I’ve been using the torchdata library (v0.6.0) to construct datapipes for my machine learning model, but I can’t seem to figure out how torchdata expects its users to make a train/test split.
Supposing I have a datapipe dp, my first attempt was to use the Sampler datapipe along with a torch.utils.data.SubsetRandomSampler (which is what I expected from this part of the documentation), but this doesn’t work how I would’ve thought:
>>> dp = Iterable Wrapper(range(5))
>>> Sampler(dp,SubsetRandomSampler([0, 1, 2]))
Traceback (most recent call last):
...
TypeError: 'SubsetRandomSampler' object is not callable
Maybe torchdata has it’s own samplers I’m not familiar with.
The only other way I can think of doing this would be to use a Demultiplexer, but this feels unclean to me, because we have to enumerate then "de-enumerate":
>>> train_len = len(dp) * 0.8
>>> dp1, dp2 = dp.enumerate().demux(num_instances=2, classifier_fn=lambda x: x[0] >= train_len)
>>> dp1, dp2 = (d.map(lambda x: x[1]) for d in (dp1, dp2))

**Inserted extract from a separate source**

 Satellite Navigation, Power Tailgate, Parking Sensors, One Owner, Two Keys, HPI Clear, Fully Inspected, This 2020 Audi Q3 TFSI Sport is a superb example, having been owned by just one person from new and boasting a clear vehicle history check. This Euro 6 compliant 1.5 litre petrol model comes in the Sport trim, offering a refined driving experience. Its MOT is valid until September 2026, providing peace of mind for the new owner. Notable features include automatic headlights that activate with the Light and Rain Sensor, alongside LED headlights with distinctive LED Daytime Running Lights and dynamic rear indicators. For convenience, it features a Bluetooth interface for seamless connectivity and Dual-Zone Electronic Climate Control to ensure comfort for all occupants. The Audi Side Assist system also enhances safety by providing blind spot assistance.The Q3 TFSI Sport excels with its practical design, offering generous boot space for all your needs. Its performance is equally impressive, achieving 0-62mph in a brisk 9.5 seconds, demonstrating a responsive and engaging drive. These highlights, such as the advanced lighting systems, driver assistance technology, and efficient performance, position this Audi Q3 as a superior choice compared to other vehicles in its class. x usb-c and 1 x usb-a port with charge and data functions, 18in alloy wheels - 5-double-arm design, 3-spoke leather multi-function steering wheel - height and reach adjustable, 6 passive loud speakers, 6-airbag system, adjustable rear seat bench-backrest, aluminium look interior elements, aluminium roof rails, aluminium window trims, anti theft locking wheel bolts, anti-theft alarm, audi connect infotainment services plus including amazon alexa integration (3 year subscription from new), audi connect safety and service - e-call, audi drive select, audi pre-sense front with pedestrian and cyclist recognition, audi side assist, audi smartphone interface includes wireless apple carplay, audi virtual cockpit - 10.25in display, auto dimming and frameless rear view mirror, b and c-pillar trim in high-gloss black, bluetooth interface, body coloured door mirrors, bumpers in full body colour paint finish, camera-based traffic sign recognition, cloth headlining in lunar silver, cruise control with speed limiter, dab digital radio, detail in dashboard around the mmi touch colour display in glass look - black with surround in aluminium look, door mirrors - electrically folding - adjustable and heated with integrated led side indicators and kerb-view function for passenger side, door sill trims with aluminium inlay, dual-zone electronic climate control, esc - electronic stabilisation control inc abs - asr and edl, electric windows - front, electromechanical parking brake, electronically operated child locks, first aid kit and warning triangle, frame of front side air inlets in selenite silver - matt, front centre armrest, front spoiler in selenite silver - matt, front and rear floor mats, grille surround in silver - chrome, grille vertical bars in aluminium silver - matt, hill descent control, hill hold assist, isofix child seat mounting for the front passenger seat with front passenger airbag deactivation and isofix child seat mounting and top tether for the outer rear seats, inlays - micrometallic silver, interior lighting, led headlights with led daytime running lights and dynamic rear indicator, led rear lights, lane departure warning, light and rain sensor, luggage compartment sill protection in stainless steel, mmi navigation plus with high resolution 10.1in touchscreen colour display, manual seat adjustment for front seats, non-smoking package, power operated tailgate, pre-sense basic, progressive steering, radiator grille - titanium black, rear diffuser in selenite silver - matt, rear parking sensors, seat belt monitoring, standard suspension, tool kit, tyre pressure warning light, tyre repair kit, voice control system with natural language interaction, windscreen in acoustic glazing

Is there an "intended" way of doing this with torchdata which I’m missing?
>Solution :
PyTorch’s tutorial on using DataPipes answers the question:
import torchdata.datapipes.iter as pipes
from torch.utils.data import DataLoader, random_split
# initialize DataPipe with dummy values
dp = pipes.IterableWrapper(range(5))
# create train/test split ratio sizes (assuming 80/20 split)
train_size, test_test = int(len(dp) * 0.8), len(dp) - train_size
# split dataset into train/test sets
train_dataset, test_dataset = random_split(dp, [train_size, test_size])
# create batch sizes for train and test dataloaders
# (loading everything into memory, no minibatches)
batch_train, batch_test = len(train_dataset), len(test_dataset)
# create train and test dataloaders
train_dataloader = DataLoader(train_dataset, batch_size=batch_train, shuffle=True)
test_dataloader = DataLoader(test_dataset, batch_size=batch_test)
# train model
for i, j in train_dataloader:
...
preds = model(i)
loss = loss_fn(preds, j)
....
If you want to use the built-in random_split() method of DataPipe:
train_dataset, test_dataset = dp.random_split(total_length=len(dp), weights={"train": 0.8, "test": 0.2}, seed=42)
train_dataloader = DataLoader(train_dataset, batch_size=batch_train, shuffle=True)
test_dataloader = DataLoader(test_dataset, batch_size=batch_test)